### [What to produce]
Type out the records that follow, exactly as given.

### [Records to use]

§ §

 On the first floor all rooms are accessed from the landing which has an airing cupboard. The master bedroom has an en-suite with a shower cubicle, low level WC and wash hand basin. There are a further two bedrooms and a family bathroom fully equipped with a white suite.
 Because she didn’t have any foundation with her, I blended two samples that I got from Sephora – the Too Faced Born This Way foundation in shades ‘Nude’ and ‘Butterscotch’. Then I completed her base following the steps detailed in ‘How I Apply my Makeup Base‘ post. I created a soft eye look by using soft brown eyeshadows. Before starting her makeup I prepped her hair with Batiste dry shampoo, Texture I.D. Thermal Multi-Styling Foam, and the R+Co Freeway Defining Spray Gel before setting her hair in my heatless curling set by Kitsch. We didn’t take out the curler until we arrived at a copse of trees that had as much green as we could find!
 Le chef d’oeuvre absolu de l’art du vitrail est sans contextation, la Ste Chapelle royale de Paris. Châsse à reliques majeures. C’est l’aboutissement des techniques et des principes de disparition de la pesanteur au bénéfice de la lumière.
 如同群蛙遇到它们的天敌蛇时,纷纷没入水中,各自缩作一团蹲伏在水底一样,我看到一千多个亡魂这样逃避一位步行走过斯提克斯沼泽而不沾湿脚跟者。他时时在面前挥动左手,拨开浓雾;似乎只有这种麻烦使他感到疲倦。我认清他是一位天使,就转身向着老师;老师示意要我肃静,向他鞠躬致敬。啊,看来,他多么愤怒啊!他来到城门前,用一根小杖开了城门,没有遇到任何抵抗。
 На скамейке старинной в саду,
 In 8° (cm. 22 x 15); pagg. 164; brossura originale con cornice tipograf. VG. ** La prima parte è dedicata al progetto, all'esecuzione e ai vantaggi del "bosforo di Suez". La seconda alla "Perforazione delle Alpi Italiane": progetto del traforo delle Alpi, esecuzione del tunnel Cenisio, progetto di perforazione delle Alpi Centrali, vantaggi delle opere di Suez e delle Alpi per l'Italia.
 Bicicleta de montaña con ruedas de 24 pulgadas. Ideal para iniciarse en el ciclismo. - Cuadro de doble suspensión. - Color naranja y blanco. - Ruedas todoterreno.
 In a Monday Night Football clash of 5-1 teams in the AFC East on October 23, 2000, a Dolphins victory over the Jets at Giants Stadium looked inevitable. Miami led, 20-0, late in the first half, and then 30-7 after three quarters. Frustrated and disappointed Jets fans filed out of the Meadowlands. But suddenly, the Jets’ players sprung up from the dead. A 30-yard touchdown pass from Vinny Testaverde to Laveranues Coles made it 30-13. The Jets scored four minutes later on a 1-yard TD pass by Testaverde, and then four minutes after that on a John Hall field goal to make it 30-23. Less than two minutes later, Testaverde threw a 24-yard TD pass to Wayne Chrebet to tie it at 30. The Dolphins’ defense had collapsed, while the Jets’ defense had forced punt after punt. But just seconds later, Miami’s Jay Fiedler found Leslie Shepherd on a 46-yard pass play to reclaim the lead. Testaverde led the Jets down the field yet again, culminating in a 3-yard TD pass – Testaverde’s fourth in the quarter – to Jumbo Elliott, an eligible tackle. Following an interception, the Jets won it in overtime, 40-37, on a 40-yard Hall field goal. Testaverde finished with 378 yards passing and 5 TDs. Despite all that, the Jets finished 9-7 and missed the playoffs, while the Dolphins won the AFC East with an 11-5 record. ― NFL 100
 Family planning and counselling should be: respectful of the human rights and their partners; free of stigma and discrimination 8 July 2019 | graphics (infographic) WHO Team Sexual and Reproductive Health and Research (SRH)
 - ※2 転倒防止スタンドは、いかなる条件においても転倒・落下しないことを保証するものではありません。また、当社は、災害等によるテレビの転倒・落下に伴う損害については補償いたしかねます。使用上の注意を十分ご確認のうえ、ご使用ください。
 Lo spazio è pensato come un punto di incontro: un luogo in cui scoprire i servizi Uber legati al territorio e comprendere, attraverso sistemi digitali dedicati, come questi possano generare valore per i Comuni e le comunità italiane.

§ §

### [Result of the task]
 On the first floor all rooms are accessed from the landing which has an airing cupboard. The master bedroom has an en-suite with a shower cubicle, low level WC and wash hand basin. There are a further two bedrooms and a family bathroom fully equipped with a white suite.
 Because she didn’t have any foundation with her, I blended two samples that I got from Sephora – the Too Faced Born This Way foundation in shades ‘Nude’ and ‘Butterscotch’. Then I completed her base following the steps detailed in ‘How I Apply my Makeup Base‘ post. I created a soft eye look by using soft brown eyeshadows. Before starting her makeup I prepped her hair with Batiste dry shampoo, Texture I.D. Thermal Multi-Styling Foam, and the R+Co Freeway Defining Spray Gel before setting her hair in my heatless curling set by Kitsch. We didn’t take out the curler until we arrived at a copse of trees that had as much green as we could find!
 Le chef d’oeuvre absolu de l’art du vitrail est sans contextation, la Ste Chapelle royale de Paris. Châsse à reliques majeures. C’est l’aboutissement des techniques et des principes de disparition de la pesanteur au bénéfice de la lumière.
 如同群蛙遇到它们的天敌蛇时,纷纷没入水中,各自缩作一团蹲伏在水底一样,我看到一千多个亡魂这样逃避一位步行走过斯提克斯沼泽而不沾湿脚跟者。他时时在面前挥动左手,拨开浓雾;似乎只有这种麻烦使他感到疲倦。我认清他是一位天使,就转身向着老师;老师示意要我肃静,向他鞠躬致敬。啊,看来,他多么愤怒啊!他来到城门前,用一根小杖开了城门,没有遇到任何抵抗。
 На скамейке старинной в саду,
 In 8° (cm. 22 x 15); pagg. 164; brossura originale con cornice tipograf. VG. ** La prima parte è dedicata al progetto, all'esecuzione e ai vantaggi del "bosforo di Suez". La seconda alla "Perforazione delle Alpi Italiane": progetto del traforo delle Alpi, esecuzione del tunnel Cenisio, progetto di perforazione delle Alpi Centrali, vantaggi delle opere di Suez e delle Alpi per l'Italia.
 Bicicleta de montaña con ruedas de 24 pulgadas. Ideal para iniciarse en el ciclismo. - Cuadro de doble suspensión. - Color naranja y blanco. - Ruedas todoterreno.
 In a Monday Night Football clash of 5-1 teams in the AFC East on October 23, 2000, a Dolphins victory over the Jets at Giants Stadium looked inevitable. Miami led, 20-0, late in the first half, and then 30-7 after three quarters. Frustrated and disappointed Jets fans filed out of the Meadowlands. But suddenly, the Jets’ players sprung up from the dead. A 30-yard touchdown pass from Vinny Testaverde to Laveranues Coles made it 30-13. The Jets scored four minutes later on a 1-yard TD pass by Testaverde, and then four minutes after that on a John Hall field goal to make it 30-23. Less than two minutes later, Testaverde threw a 24-yard TD pass to Wayne Chrebet to tie it at 30. The Dolphins’ defense had collapsed, while the Jets’ defense had forced punt after punt. But just seconds later, Miami’s Jay Fiedler found Leslie Shepherd on a 46-yard pass play to reclaim the lead. Testaverde led the Jets down the field yet again, culminating in a 3-yard TD pass – Testaverde’s fourth in the quarter – to Jumbo Elliott, an eligible tackle. Following an interception, the Jets won it in overtime, 40-37, on a 40-yard Hall field goal. Testaverde finished with 378 yards passing and 5 TDs. Despite all that, the Jets finished 9-7 and missed the playoffs, while the Dolphins won the AFC East with an 11-5 record. ― NFL 100
 Family planning and counselling should be: respectful of the human rights and their partners; free of stigma and discrimination 8 July 2019 | graphics (infographic) WHO Team Sexual and Reproductive Health and Research (SRH)
 - ※2 転倒防止スタンドは、いかなる条件においても転倒・落下しないことを保証するものではありません。また、当社は、災害等によるテレビの転倒・落下に伴う損害については補償いたしかねます。使用上の注意を十分ご確認のうえ、ご使用ください。
 Lo spazio è pensato come un punto di incontro: un luogo in cui scoprire i servizi Uber legati al territorio e comprendere, attraverso sistemi digitali dedicati, come questi possano generare valore per i Comuni e le comunità italiane.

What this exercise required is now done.